• Collected material:
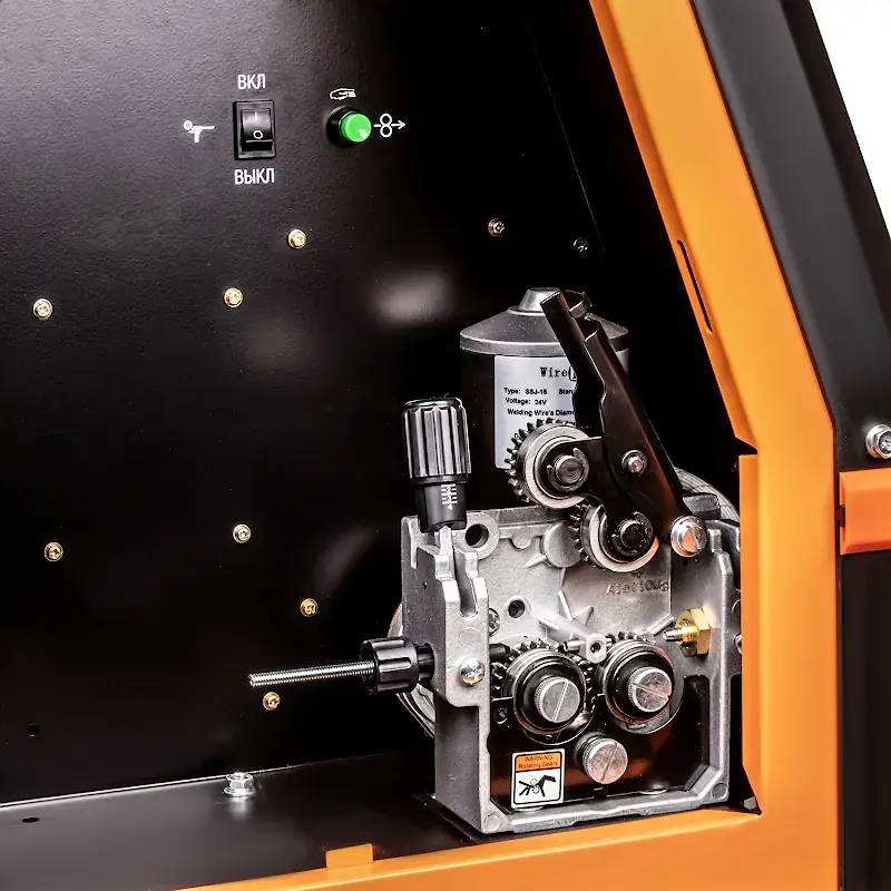Встроенная функция горячего старта облегчает начало сварки. В случае неудачного розжига напряжение сварочного тока мгновенно снижается во избежание залипания электрода. Благодаря функции VRD со сварочным аппаратом FoxWeld INVERMIG 351 SYN можно работать при повышенной влажности. Инверторная технология обеспечивает стабильную дугу и удобство сварки. Механизм подачи с четырьмя ведущими роликами подает проволоку в область сварки без проскальзывания и рывков.
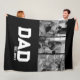 The clean black and white photo style gives the design a timeless, modern look while keeping the focus on the memories that matter most. The bold “Dad” typography paired with meaningful family photos transforms this blanket into both a cozy comfort item and a sentimental display piece. Whether draped over a couch, layered on a bed, or wrapped around dad while relaxing, it becomes a daily reminder of the people who made him “Dad.”
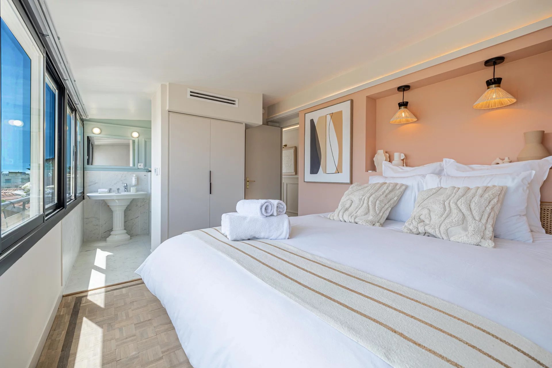 En exclusivité chez Michaël Zingraf Real Estate, ce superbe penthouse rénové occupe le dernier étage d’un immeuble niçois avec ascenseur, à quelques minutes à pied des plages et du centre-ville.
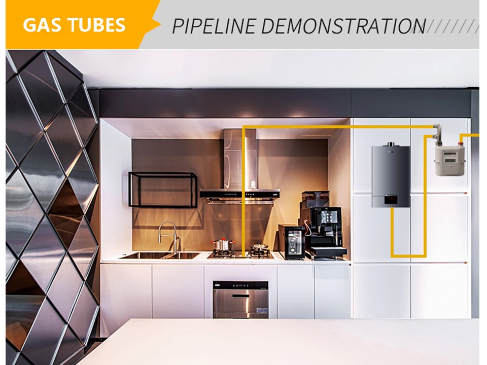 Application: Pipeline of gas, LPG, natural gas, biogas and connections to gas appliances.

• Work instruction: Exactly as written, restate the lines above from the opening line through the one holding "En exclusivité chez", omitting the pictures.

• Task output:
Встроенная функция горячего старта облегчает начало сварки. В случае неудачного розжига напряжение сварочного тока мгновенно снижается во избежание залипания электрода. Благодаря функции VRD со сварочным аппаратом FoxWeld INVERMIG 351 SYN можно работать при повышенной влажности. Инверторная технология обеспечивает стабильную дугу и удобство сварки. Механизм подачи с четырьмя ведущими роликами подает проволоку в область сварки без проскальзывания и рывков.
 The clean black and white photo style gives the design a timeless, modern look while keeping the focus on the memories that matter most. The bold “Dad” typography paired with meaningful family photos transforms this blanket into both a cozy comfort item and a sentimental display piece. Whether draped over a couch, layered on a bed, or wrapped around dad while relaxing, it becomes a daily reminder of the people who made him “Dad.”
 En exclusivité chez Michaël Zingraf Real Estate, ce superbe penthouse rénové occupe le dernier étage d’un immeuble niçois avec ascenseur, à quelques minutes à pied des plages et du centre-ville.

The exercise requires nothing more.